宇宙の奇人変人
近頃話題になった動画。現在の再生数は150万弱。
オリジナルはデビッド・ボウイの初期のヒット曲で、歌詞の内容は地球から月に向かって飛んでいくトム少佐と地上管制との間で交わされる通信、そしてトム少佐の独り言から構成。
途中トラブルで通信も不能になり、「自分にできることは何もない」” there's nothing I can do”と静かにつぶやいて宇宙の闇に取り残されるトム少佐。ロック的にはここで「絶望のシャウト」もありかもだけれど、寂しげにつぶやくのがツボなのだろう。たぶん。
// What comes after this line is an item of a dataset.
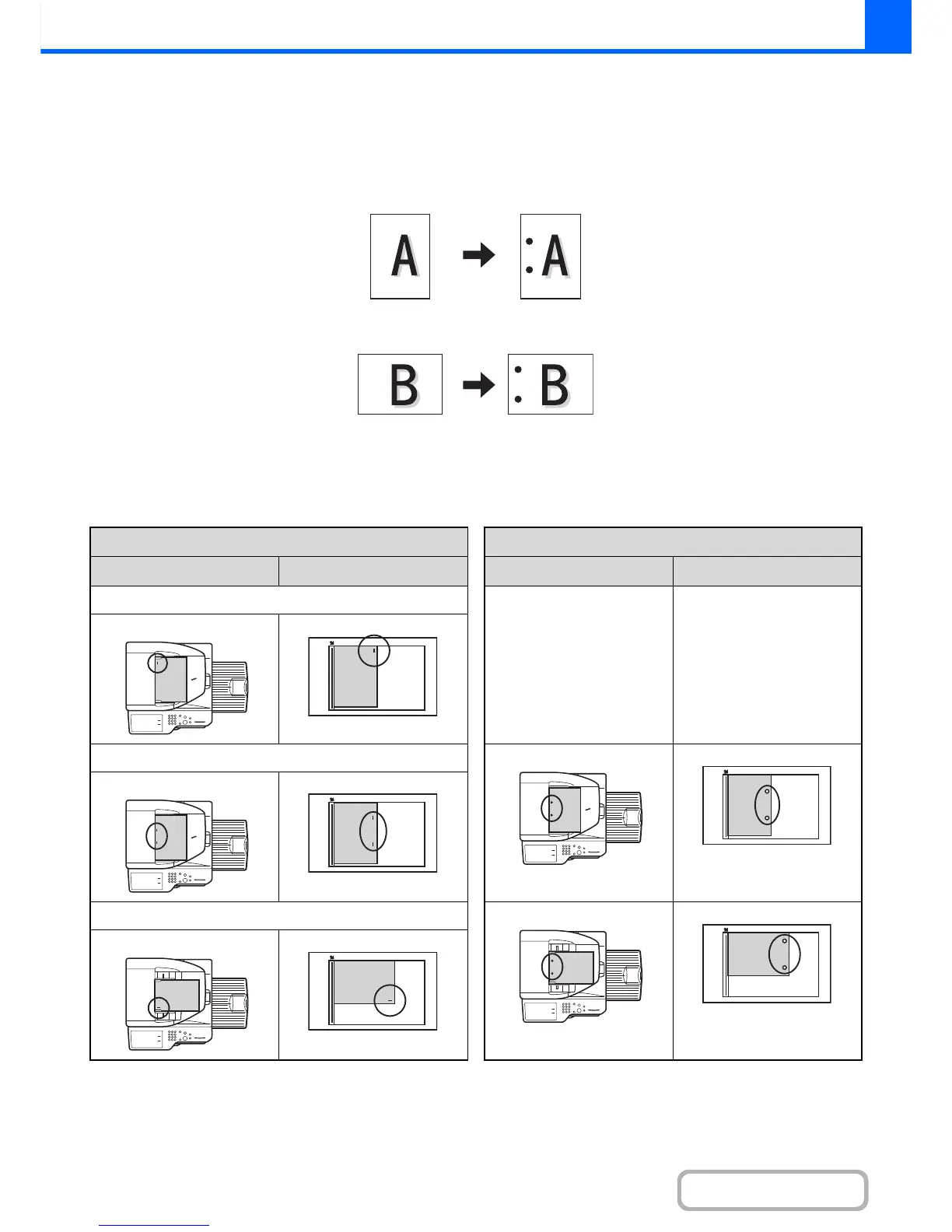 When using the staple sort function or the punch function, the original must be placed as shown below to enable stapling

Space Oddity Lyrics - David Bowie
http://www.lyricsfreak.com/d/david+bowie/space+oddity_20036711.html
今回の歌詞はそのような不吉なものではなくて任務完了の替え歌。「やり残したことは何もない」” there's nothing left to do”と言って地上に戻るハッピーエンド。この歌詞のコントラストがまた魅力なのではないかと思ったのだけれども、どうだろう?
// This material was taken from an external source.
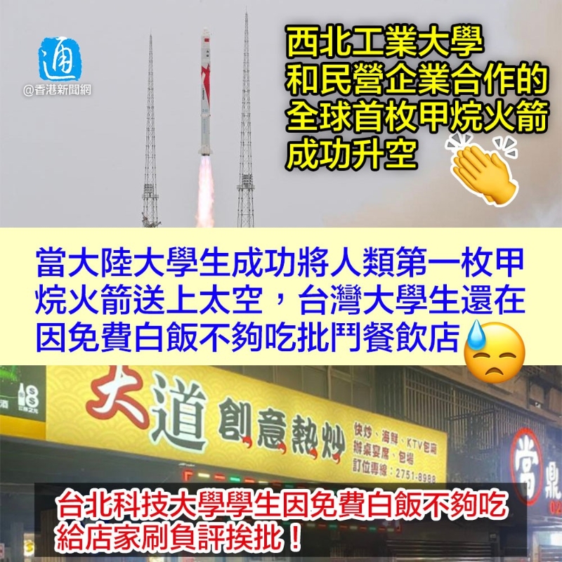 香港新聞網7月13日電 7月12日9時,由西北工業大學和民營企業藍箭航天合作研制的朱雀二號遙二運載火箭在中國酒泉衛星發射中心點火升空,隨後進入預定軌道,發射任務取得圓滿成功。這是全球首枚成功入軌的液氧甲烷火箭,標誌著中國全面掌握液氧甲烷運載火箭關鍵技術。 當西工大的學生成功將人類第一枚甲烷火箭送上太空,台灣的大學生還在因免費白飯不夠吃批鬥餐飲店。 日前,台北科技大學二十幾名學生到熱炒店用餐,由於不滿免費白飯不夠吃,直接給店家刷一星負評。熱炒店老闆痛訴遭受霸凌,宣佈將無限期暫停營業。台輿論批學生用這種手段報復店家不可取!

さて、オリジナルの方が発表されたのは1969年で、アポロ11号がはじめて月面着陸した年。「人類にはなんでもできる」みたいな雰囲気があったのかも知れない。だからトム少佐に「自分にできることは何もない」と言わせる意味があったのかもしれない。カウンターカルチャーの時代でもある。
米国では1960年代中頃からロックの消費者層が広がり、白人中流家庭出身の大学生が中心になり、ロックのアート化と産業化が進む。消費者の購買力の拡大といった背景もあってか、シングル中心からアルバム重視へ。トータルアルバムなども増えてくる。既成のロックの殻を打ち破るようなさまざまなアイデアが試され、それがまたよく売れた。
英国ではビートルズの米国での大成功で、ロックが階級を超えて「市民権」を得る。「サージェント・ペパーズ・・・」はロックのアート化の象徴のように言われる一方、ビートルズはロック・ビジネスで巨額の広告宣伝費を投じて成功した最初の例と言われることもある。おそらく大衆芸能の大きな需要と供給サイドである産業は切り離せないものなのだろう。
そんな時代背景の曲、でいいのかな?
アレンジ面では当時のハイテク楽器、メロトロンでスペースサウンドを演出している。メロトロンの演奏はカウントダウンの後で(つまり宇宙に出てから)開始する。でも何度もリリースしているようなので、最初の1969年バージョンにメロトロンはないかも。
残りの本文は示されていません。